Could you transcribe exactly the lines below, from the line with "انبه،توت فرنگی،بستنی وانیلی،خامه،سس شکلات" through the line with "The version 1.0", and nothing else, leaving out the pictures?

= Data provided =

--------------------

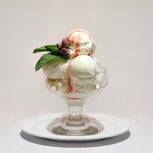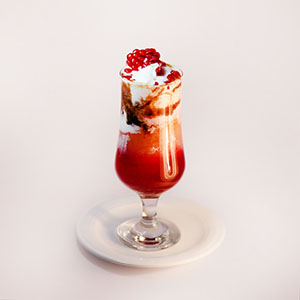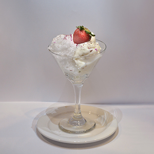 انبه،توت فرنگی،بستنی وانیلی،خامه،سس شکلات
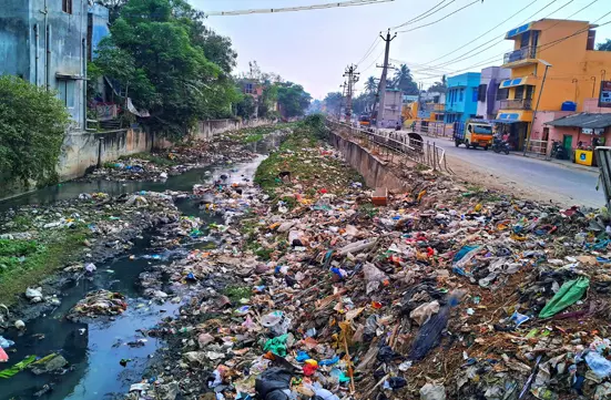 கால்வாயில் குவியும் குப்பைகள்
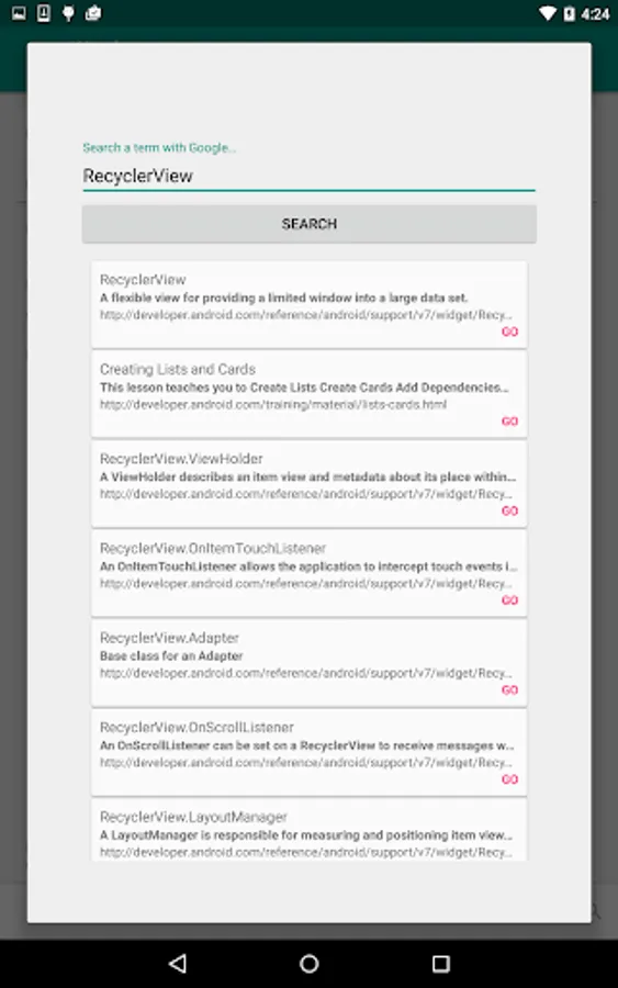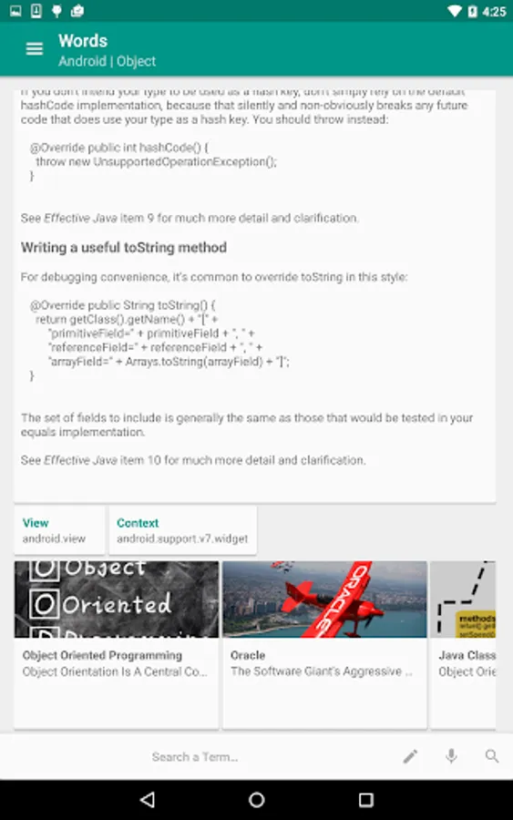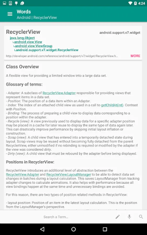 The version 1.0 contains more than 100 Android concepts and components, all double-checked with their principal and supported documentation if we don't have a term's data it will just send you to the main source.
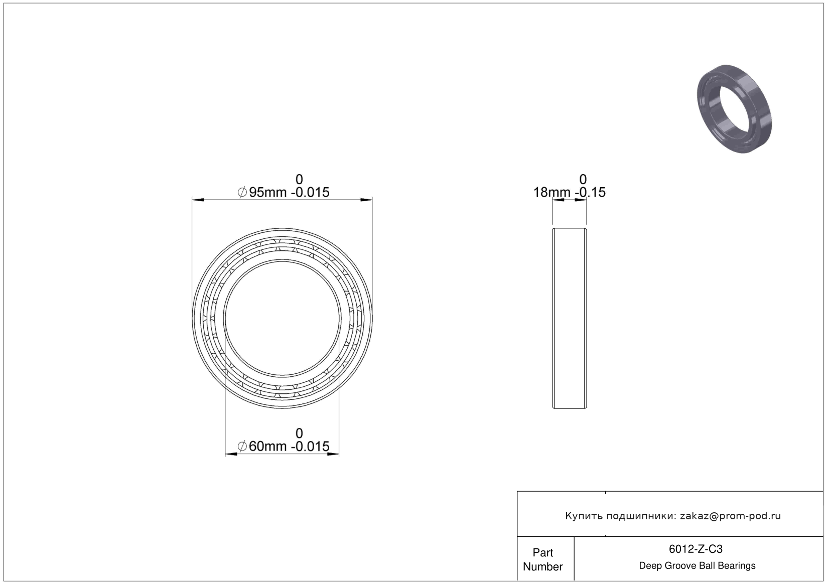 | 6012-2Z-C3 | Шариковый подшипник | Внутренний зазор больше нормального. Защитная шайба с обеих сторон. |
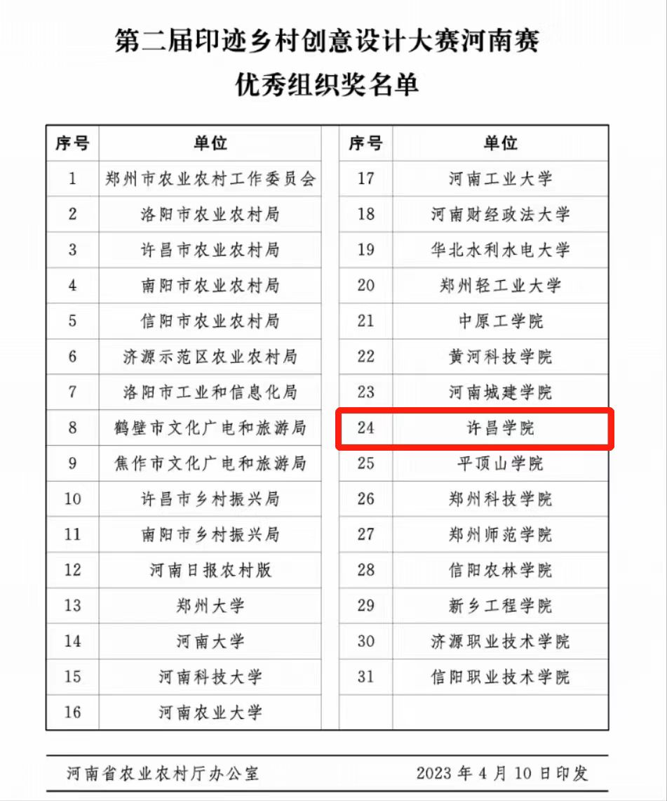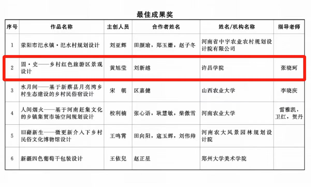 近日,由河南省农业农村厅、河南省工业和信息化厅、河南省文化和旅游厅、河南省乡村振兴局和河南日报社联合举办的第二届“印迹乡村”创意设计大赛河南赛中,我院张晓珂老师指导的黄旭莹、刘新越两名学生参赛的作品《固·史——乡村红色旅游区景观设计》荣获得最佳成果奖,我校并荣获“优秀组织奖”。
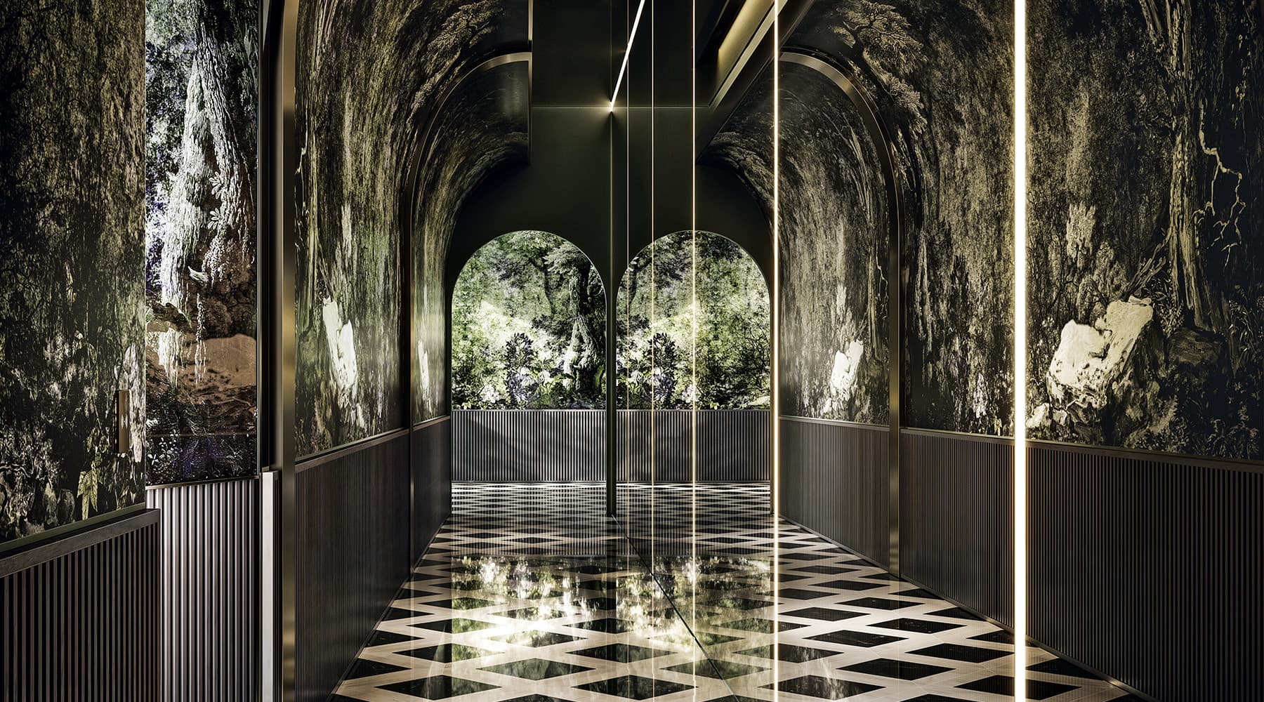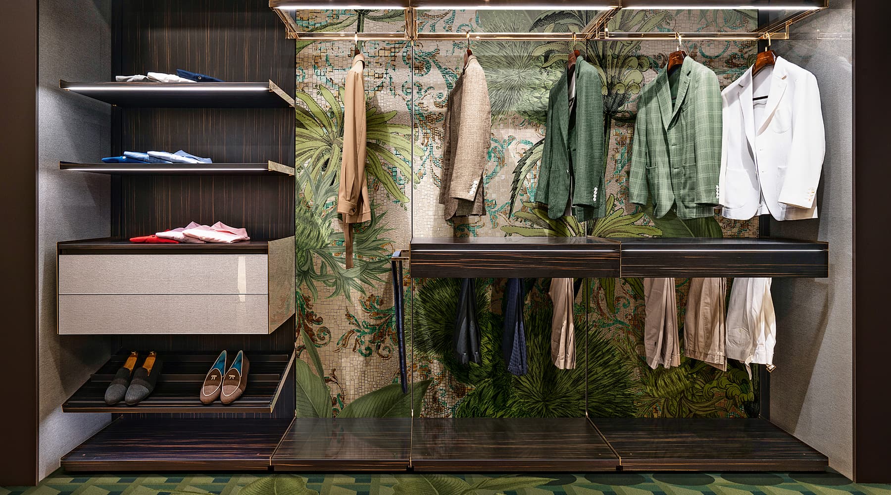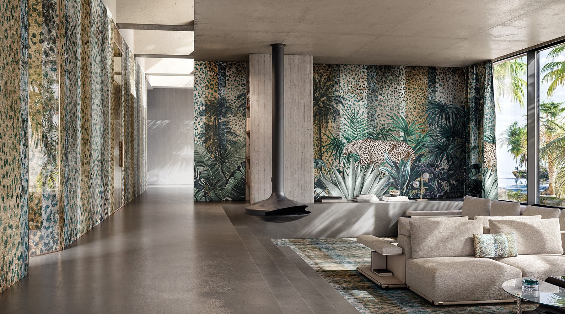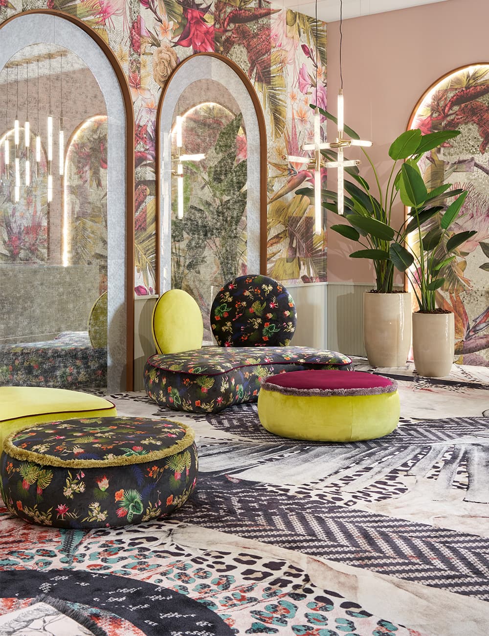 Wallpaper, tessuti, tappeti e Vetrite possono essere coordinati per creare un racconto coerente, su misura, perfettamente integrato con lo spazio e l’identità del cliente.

--------------------

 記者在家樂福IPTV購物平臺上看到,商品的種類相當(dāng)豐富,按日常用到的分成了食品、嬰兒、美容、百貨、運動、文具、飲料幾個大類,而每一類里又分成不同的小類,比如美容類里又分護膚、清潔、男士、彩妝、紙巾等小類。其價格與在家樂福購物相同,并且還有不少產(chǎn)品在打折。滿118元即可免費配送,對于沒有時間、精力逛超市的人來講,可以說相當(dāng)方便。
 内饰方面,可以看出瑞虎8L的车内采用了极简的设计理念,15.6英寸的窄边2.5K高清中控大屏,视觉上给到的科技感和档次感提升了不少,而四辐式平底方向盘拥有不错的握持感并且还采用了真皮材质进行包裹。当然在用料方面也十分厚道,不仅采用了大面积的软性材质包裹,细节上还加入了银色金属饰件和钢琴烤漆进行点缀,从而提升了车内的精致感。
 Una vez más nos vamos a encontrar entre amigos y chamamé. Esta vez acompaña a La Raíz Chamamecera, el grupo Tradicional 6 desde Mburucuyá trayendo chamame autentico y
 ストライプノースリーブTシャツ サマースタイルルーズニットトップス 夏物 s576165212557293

--------------------

= Solved exercise =
 انبه،توت فرنگی،بستنی وانیلی،خامه،سس شکلات
 கால்வாயில் குவியும் குப்பைகள்
 The version 1.0 contains more than 100 Android concepts and components, all double-checked with their principal and supported documentation if we don't have a term's data it will just send you to the main source.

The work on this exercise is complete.